Directions for this task:
Exactly the lines below starting at the line with "50 pc Burlap" and ending at the line with "Box full of" are wanted, with both ends included. Leave out the pictures and add no other lines.

Records for the task:
▽

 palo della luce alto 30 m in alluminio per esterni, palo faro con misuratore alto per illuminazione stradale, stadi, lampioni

△
▽

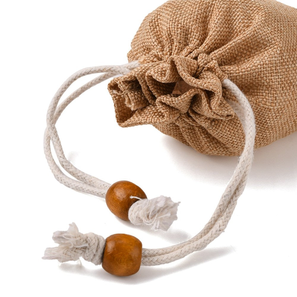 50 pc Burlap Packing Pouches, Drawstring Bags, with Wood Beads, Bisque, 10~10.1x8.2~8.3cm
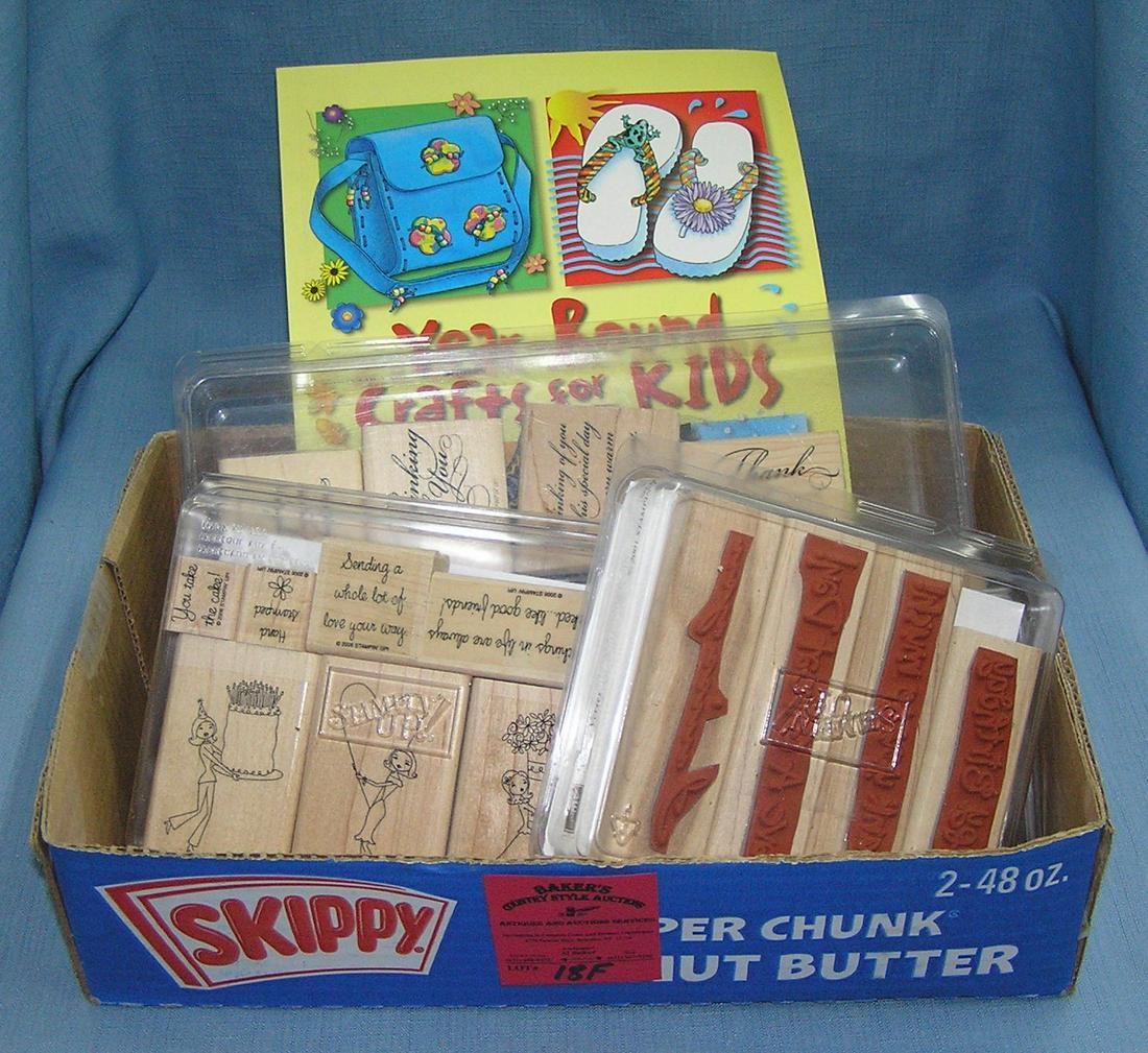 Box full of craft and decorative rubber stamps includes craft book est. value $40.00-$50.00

△
▽

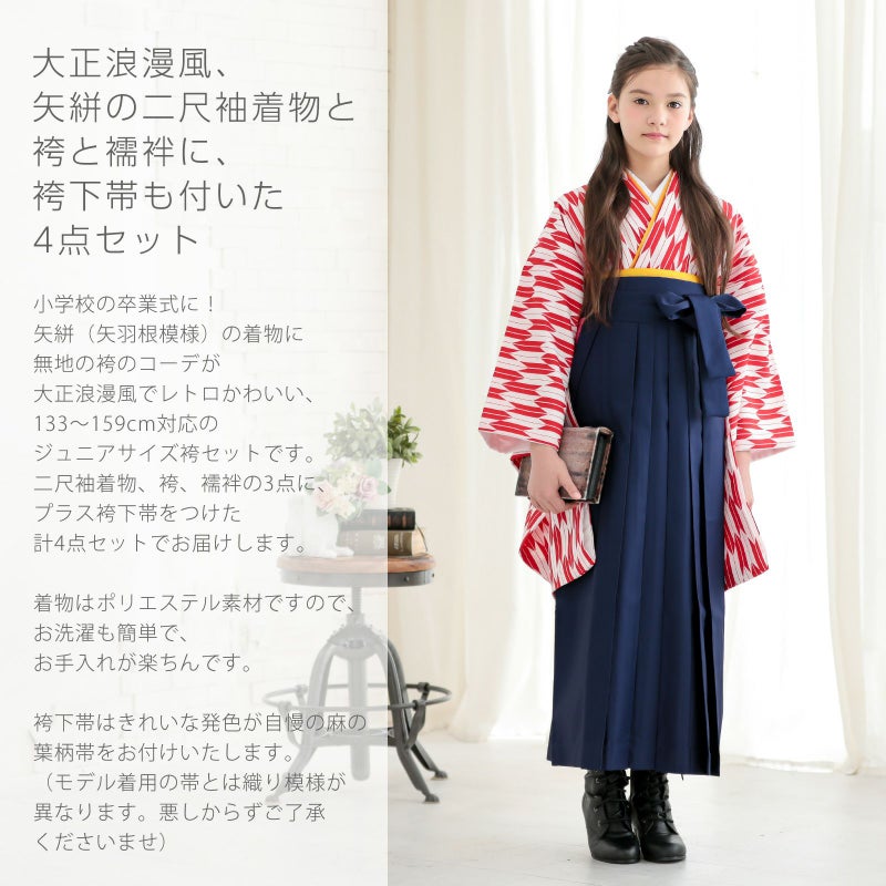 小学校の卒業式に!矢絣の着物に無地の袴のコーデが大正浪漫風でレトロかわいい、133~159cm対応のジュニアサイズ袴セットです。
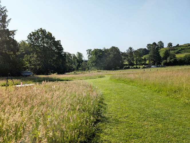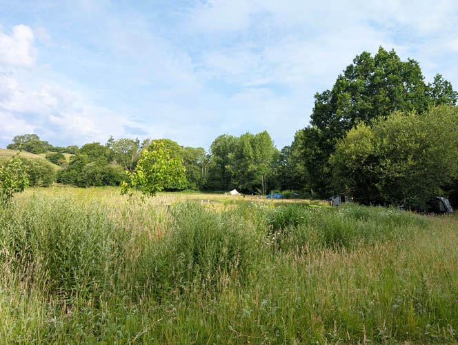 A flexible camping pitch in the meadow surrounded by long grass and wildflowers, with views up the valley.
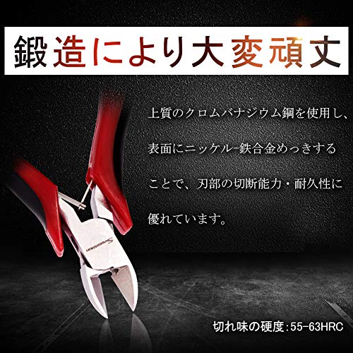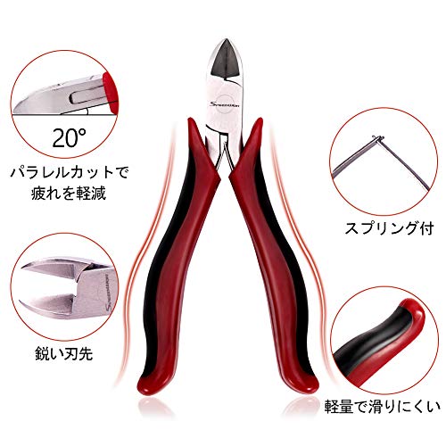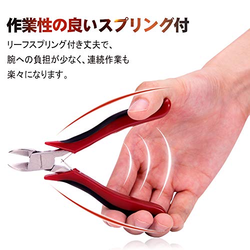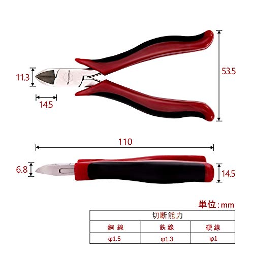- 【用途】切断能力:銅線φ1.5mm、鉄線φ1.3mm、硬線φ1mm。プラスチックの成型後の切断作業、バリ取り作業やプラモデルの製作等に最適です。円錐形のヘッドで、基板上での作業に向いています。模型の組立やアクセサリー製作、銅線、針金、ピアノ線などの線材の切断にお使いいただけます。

△

Your solution:
 50 pc Burlap Packing Pouches, Drawstring Bags, with Wood Beads, Bisque, 10~10.1x8.2~8.3cm
 Box full of craft and decorative rubber stamps includes craft book est. value $40.00-$50.00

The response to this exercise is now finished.